Karbala (Iraq)- Dressed in black, 21 million pilgrims from around the world massed in the Karbala on Saturday for the Arba’een.
Arbaeen marks the end of the 40-day mourning period for the 7th-century massacre of Imam Hussain and his kith and kin by the forces of tyrant Yazid.
The annual commemoration of the event sees men and women from across Iraq and beyond travel to Karbala, where Imam Hussain and his brother Hazrat Abbas bin Ali are buried, for one of the world’s largest religious gatherings.
After two years marked by the Covid pandemic and border restrictions, 21.2 million pilgrims have flocked to the city in central Iraq this week, said the organisation that manages Abol Fazal Abbas’ mausoleum.
Among them are five million foreigners, including a record of more than three million from neighbouring Iran, according to authorities in the two countries.
On the esplanade linking the mausoleums of Imam Hussein and Abol Fazal Abbas, devout recited prayers on Saturday.

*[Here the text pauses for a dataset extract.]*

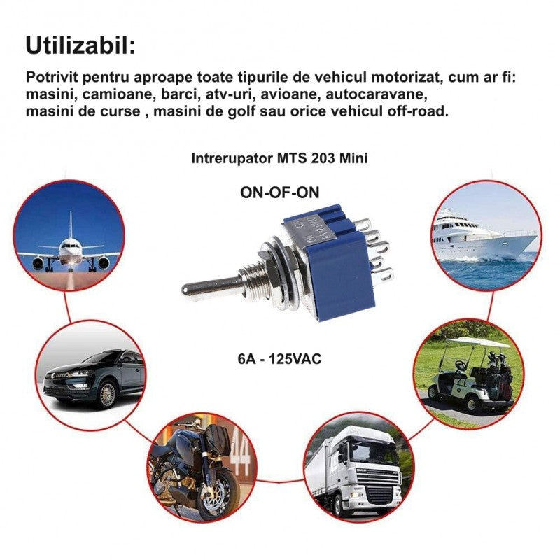 - 1 x Intrerupător Basculant Mini ON-OFF-ON 6C

Groups of men beat their chests to the rhythm of chants and the din of war drums, some of them slowly making their way around the two mausoleums.
The pilgrims waved black and red flags and banners and chanted Labayk Ya Hussain (We Have Come O Hussain).
Since the overthrow of dictator Saddam Hussein in 2003, participation in Arba’een has been steadily increasing.
“Arba’een means different things to different people,” said Alex Shams, a doctoral student at the University of Chicago who specialises in Shia politics.
“For Iraqi Shias it’s very much an expression of their freedom after years of dictatorship and also pride in their Shia identity,” he told AFP. For others it’s an occasion to demonstrate Shia resurgence in the face of tears of suppression and unabated onslaughts by the groups like Daesh.